Directions: Transcribe the line holding "Spirit прошла в" together with every line after it, through the end of the records, exactly and with no pictures.

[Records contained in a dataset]
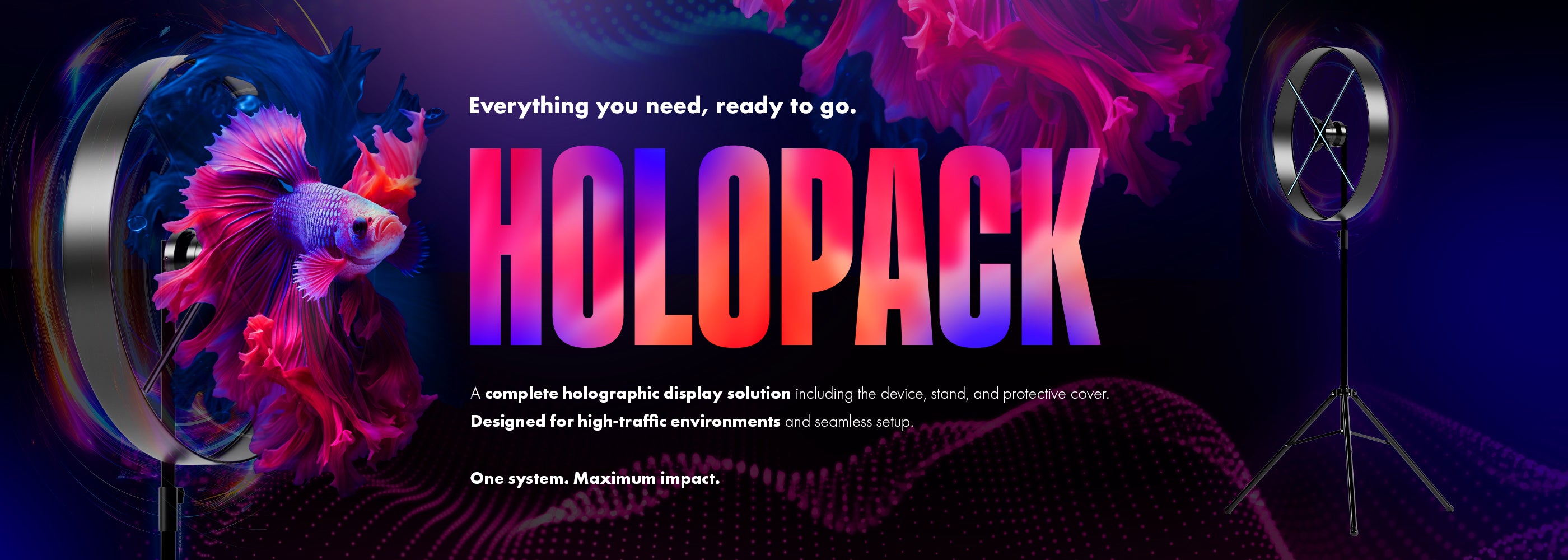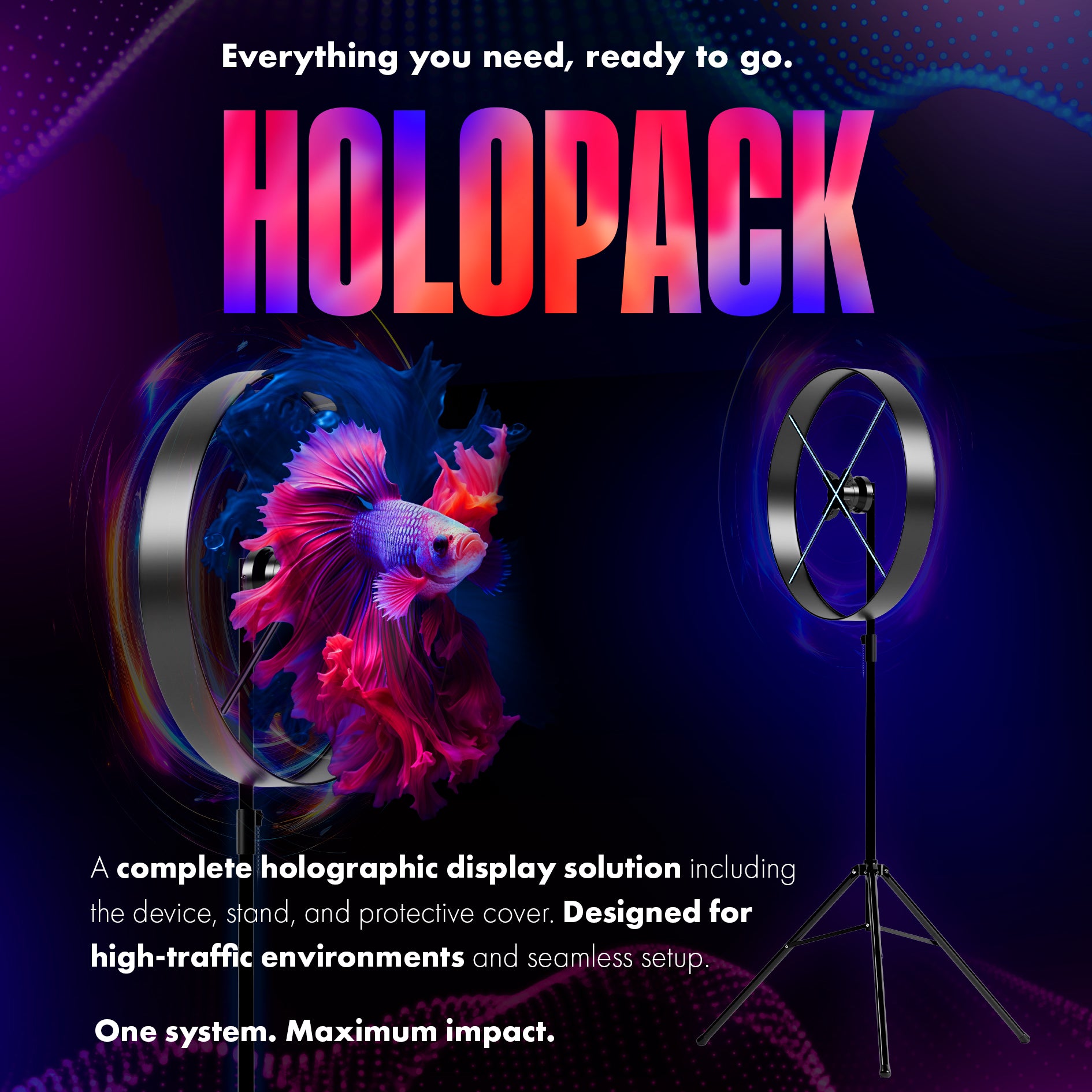 Meet the HOLOPACK — the complete holographic display solution built for instant impact. Each pack includes your chosen Holofex fan size (56cm, 70cm, 85cm, or 100cm), our premium tripod stand, and a protective cover — everything you need in one sleek kit.
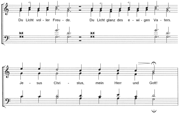 Alle: Du Licht voller Freude, Du Lichtglanz des ewigen Vaters.
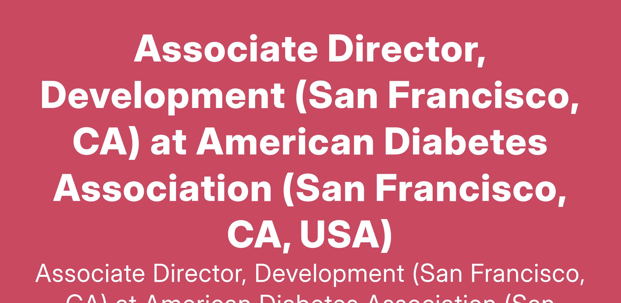 Associate Director, Development (San Francisco, CA) at American Diabetes Association (San Francisco, CA, USA)
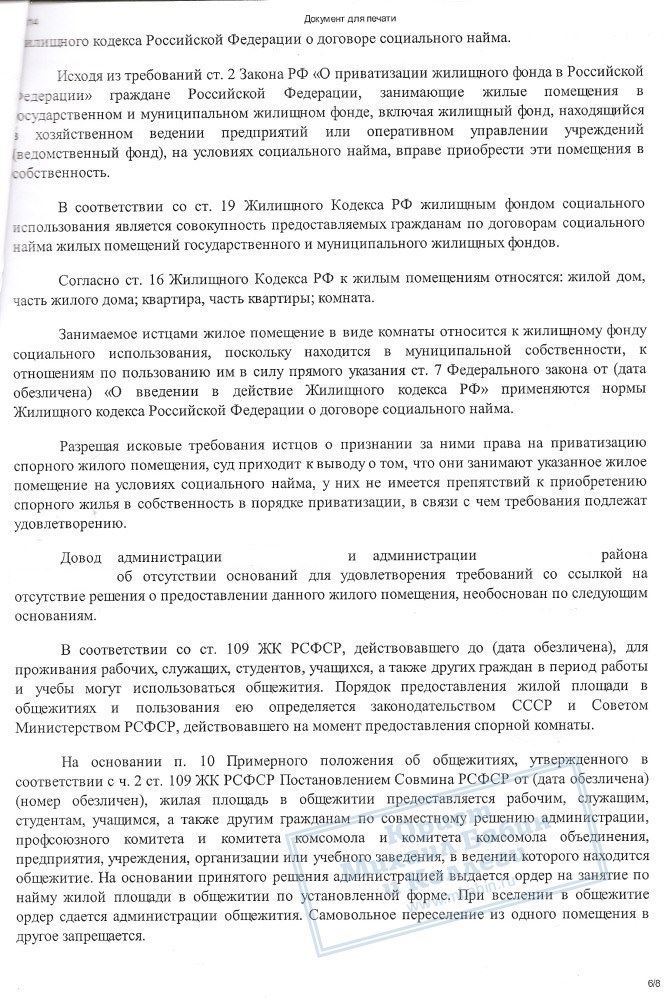 В результате грамотной работы нашего юриста, суд вынес решение о признании за гражданкой К. и ее сыном права собственности на занимаемую комнату по 1/2 доле за каждым.
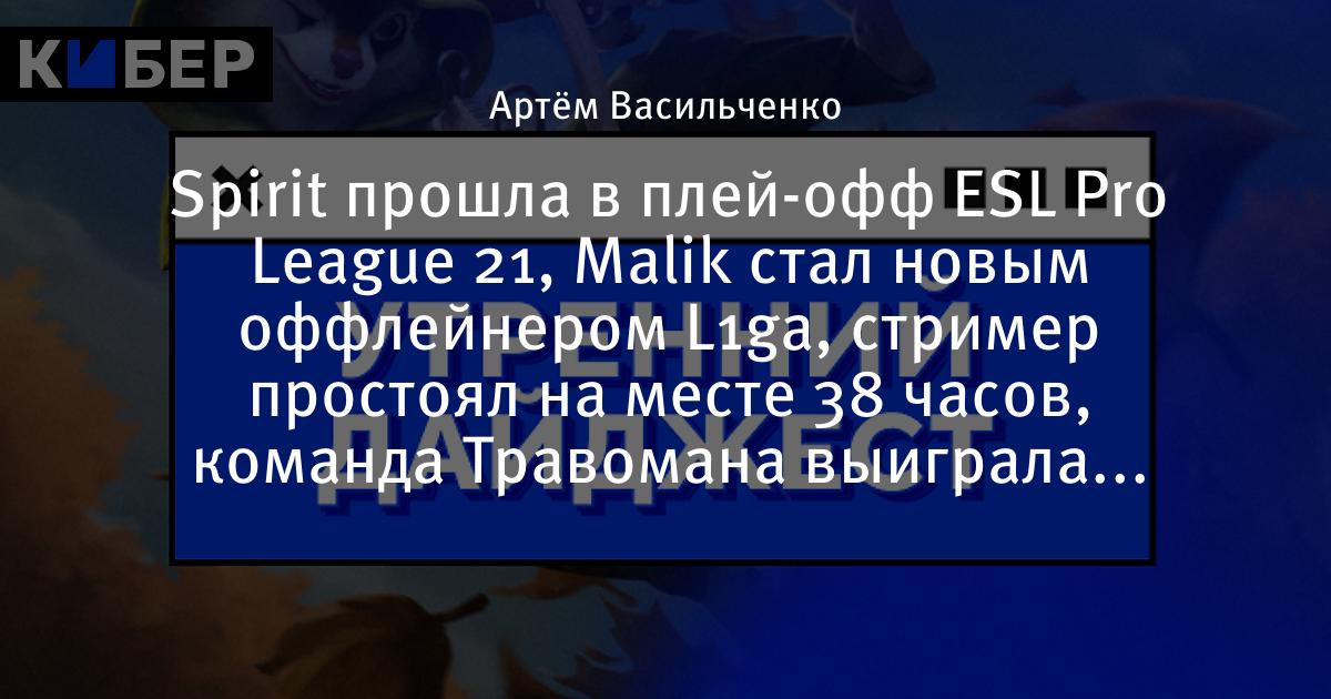 Spirit прошла в плей-офф ESL Pro League 21, Malik стал новым оффлейнером L1ga, стример простоял на месте 38 часов, команда Травомана выиграла BetBoom Media Chess и другие новости утра
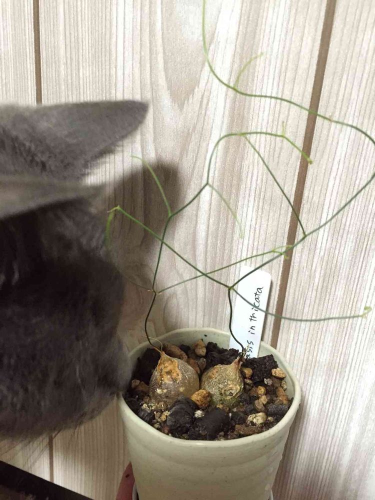 イントリカータ親株、にゃんこの餌食になり一時的瀕死でしたが、新しく葉も出してくれました( ´ ▽ ` )ノ歯型は消えませんが(爆笑)また狙ってますがヽ(´o`;
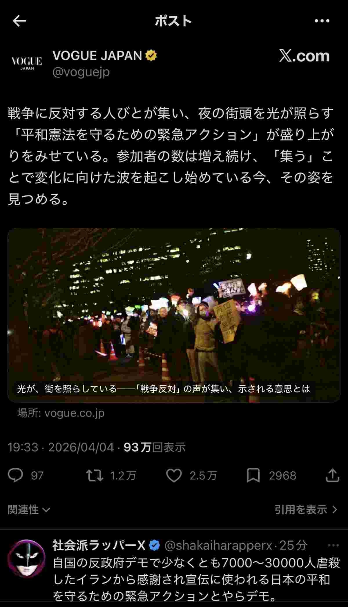 VOGUE JAPAN (@voguejp) on X戦争に反対する人びとが集い、夜の街頭を光が照らす「平和憲法を守るための緊急アクション」が盛り上がりをみせている。参加者の数は増え続け、「集う」ことで変化に向けた波を起こし始めている今、その姿を見つめる。x.com光が、街を照らしている──「戦争反対」の声が集い、示される意思とは

Your solution:
 Spirit прошла в плей-офф ESL Pro League 21, Malik стал новым оффлейнером L1ga, стример простоял на месте 38 часов, команда Травомана выиграла BetBoom Media Chess и другие новости утра
 イントリカータ親株、にゃんこの餌食になり一時的瀕死でしたが、新しく葉も出してくれました( ´ ▽ ` )ノ歯型は消えませんが(爆笑)また狙ってますがヽ(´o`;
 VOGUE JAPAN (@voguejp) on X戦争に反対する人びとが集い、夜の街頭を光が照らす「平和憲法を守るための緊急アクション」が盛り上がりをみせている。参加者の数は増え続け、「集う」ことで変化に向けた波を起こし始めている今、その姿を見つめる。x.com光が、街を照らしている──「戦争反対」の声が集い、示される意思とは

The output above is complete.